We took the finest, shady spot at the bank of the river. While I unloaded gear, pitched the tent and collected firewood, Rat Dog sniffed flowers.
She didn’t sniff flowers for long – she wandered away instead. I hated to leash her since there was no-one else around, but couldn’t keep my eyes on her either. She seemed reluctant to stay in camp. The reason became apparent when I pulled branches from a pile of driftwood by the river-bank. Clouds of mosquitoes billowed out.
And so began a relentless night of misery. The Rat found mosquitoes in the flowers. Her hair sprouted clumps where bites raised her skin. She looked pitiful in a funny way, but I was alarmed at how many bites she had. She’s not a big dog and can’t take much poison. So, I zipped her inside the tent.
Meanwhile, the mosquitoes began to consume me. Constant movement was the only relief. I found if I moved fast enough to generate wind, I could outrun them. So I ran around, grabbing sticks and branches for the fire. Every piece of wood I picked-up swarmed more mosquitoes.
I frantically lit the fire to get smoke in the air. It was the only form of repellent available. I’m not used to dealing with mosquitoes because I live in a dry region. I don’t use bug repellent on my skin either. I had to resort to the only other form of relief at my disposal. A bottle of vodka.
I watched the sun angle below canyon walls, wondering how long until it cooled inside the tent to be bearable. I paced back and forth in smoke to foil the mosquitoes, my skin cooking from fire, my insides cooking in vodka, and fever in my brain from both.
When I bent over to tend the fire, mosquitoes attacked my backside. They bit through the seat of my pants. I ate naked crackers for dinner with vodka. It was too hot for cheese. As soon as the temperature dipped I joined Rat in the tent.
When morning sun steamed me awake, a dozen of the insolent bugs lounged on the tent walls. Fat with our blood, they were too sluggish to escape my wrath. I turned them into bloody blotches, and then regretted the stains.
I left Rat sleeping while packing everything, none of which I used. Then collected her and the tent, let her pee, and left for Moab to find coffee.
Once mental cognizance was reestablished with a large, dark roast, the Rat and I took stock. There was no way we were camping along the river again. I had to break down and buy a map.
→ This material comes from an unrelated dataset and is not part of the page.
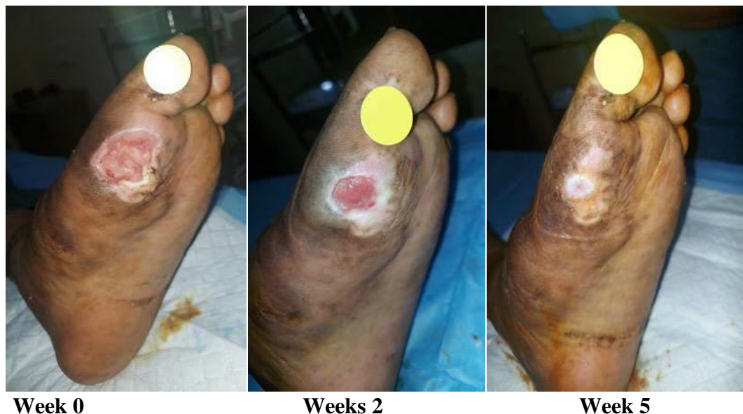
Figure 5: An ulcer in the plantar aspect of the left foot at the 1st MPJ. Debridement was done, dressing done as per FS protocol, front offloading footwear provided. Dermal patch applied.

11. Modern Surgical Treatment Options Directed towards Limb Saving: Several studies have investigated the efficacy and safety of unilateral Tibial cortex transverse transport (TTT) on bilateral diabetic foot ulcers. The results showed that TTT effectively alleviates the pain of diabetic foot ulcer patients, promotes wound healing, and improves ankle-brachial index and peripheral nerve recovery.

This was a smart move. We’d been going solely on instinct, as dragon hunters are wont to do, eschewing navigational aides. I noted several campsites high on Dead Horse Mesa, between the Green and Colorado Rivers.
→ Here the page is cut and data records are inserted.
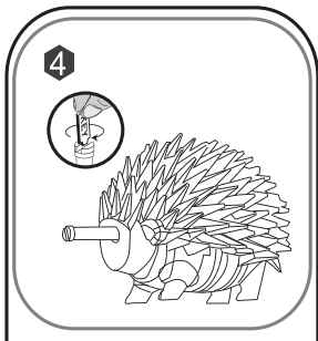
Use the center pole to lock up all pieces tightly with the included key.
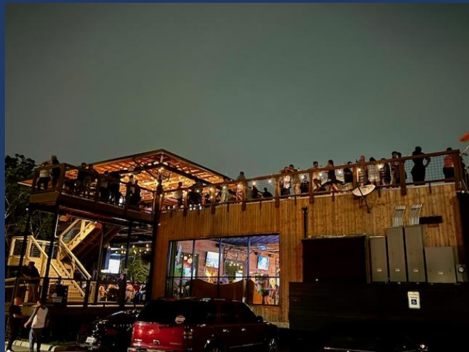
2 nd Level Deck
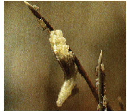
Figure 6: Syrphid fly larva.
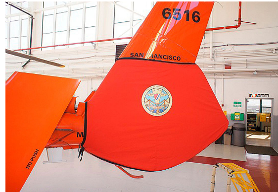
MH-365C Dauphin Tail Fan Fenestron Cover
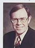
NAT W. WASHINGTON-D BOTTLE - SMITH, part YAKIMA, part

The Mesa had no mosquitoes, and was also out of the oppressive, brooding canyon. Here, there was big sky, clouds and a breeze. It’s called Dead Horse, because some dumb-ass rustlers thought the narrow tip of the Mesa would make a good corral to capture a stolen herd. I’ll let you figure out the rest.
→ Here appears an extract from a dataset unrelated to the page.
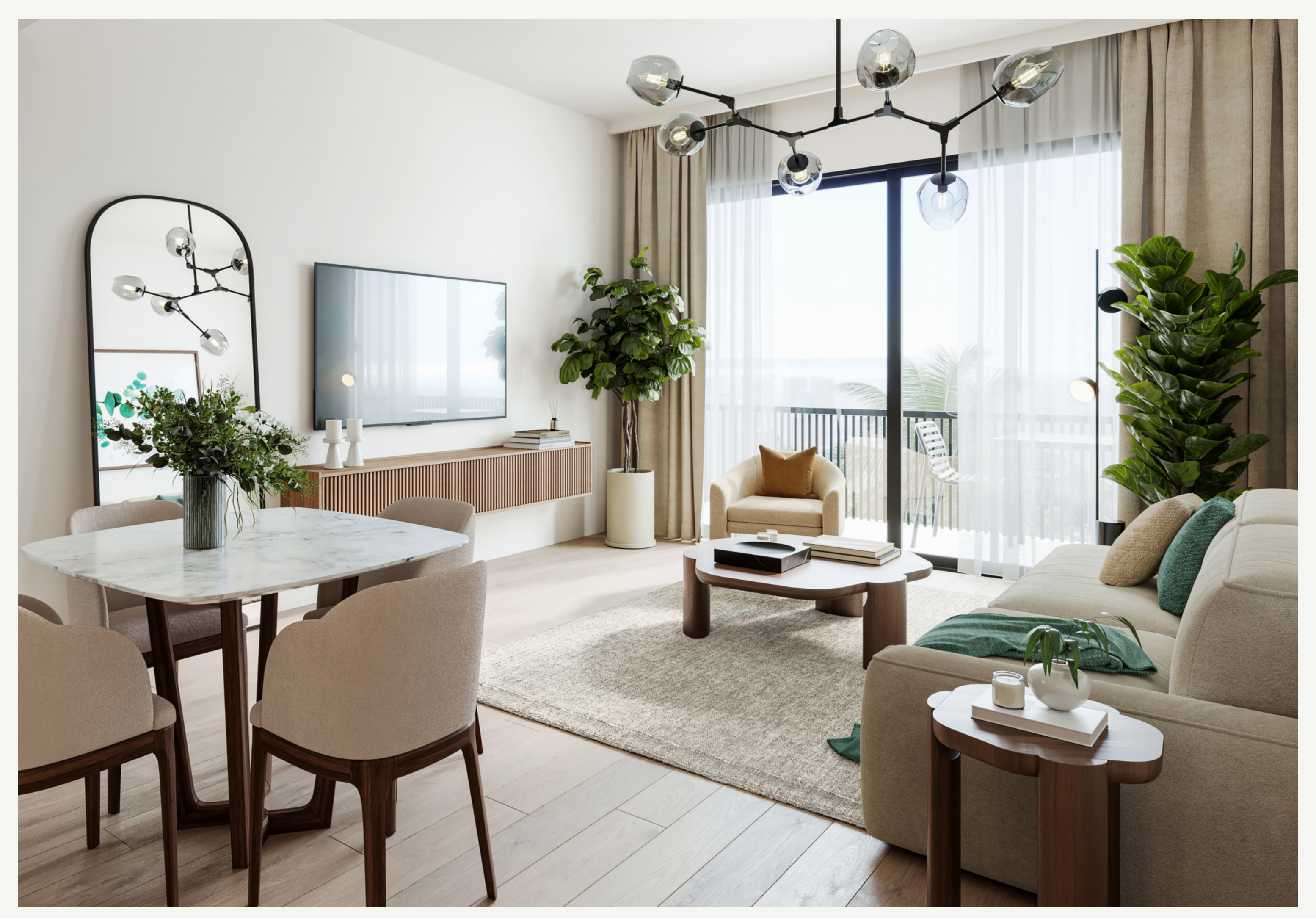
NSHAMA | HOLLAND GARDENS 11

W chose a campsite with trees and pitched the tent and a surplus parachute for extra shade. I strung it between Junipers, and when the wind blew right, it billowed and made an awesome clam shell awning.
The Leo’s arrived early afternoon. Finally, someone to talk with besides Rat. Tents went up, beers came out, along with chairs, ice chests and gadgets. There was also one luxurious, padded cot. I noticed the Rat eyeing it jealously. So did I. “Don’t you dare!” I said, and I gave her a look that meant business.
It belonged to Geology Leo. He laid on it immediately and began snoring, and that’s where he stayed for the rest of the trip.
The rest of us sat at the fire, talking and drinking beer. It was fun and we soon succumbed to disorientation, unbalance and expansive creativity. It wasn’t long before, one by one, they all drifted away to nap. Envy towards Geology Leo, snoring away on that damn cot began to burn inside, so I sat and grumbled to myself.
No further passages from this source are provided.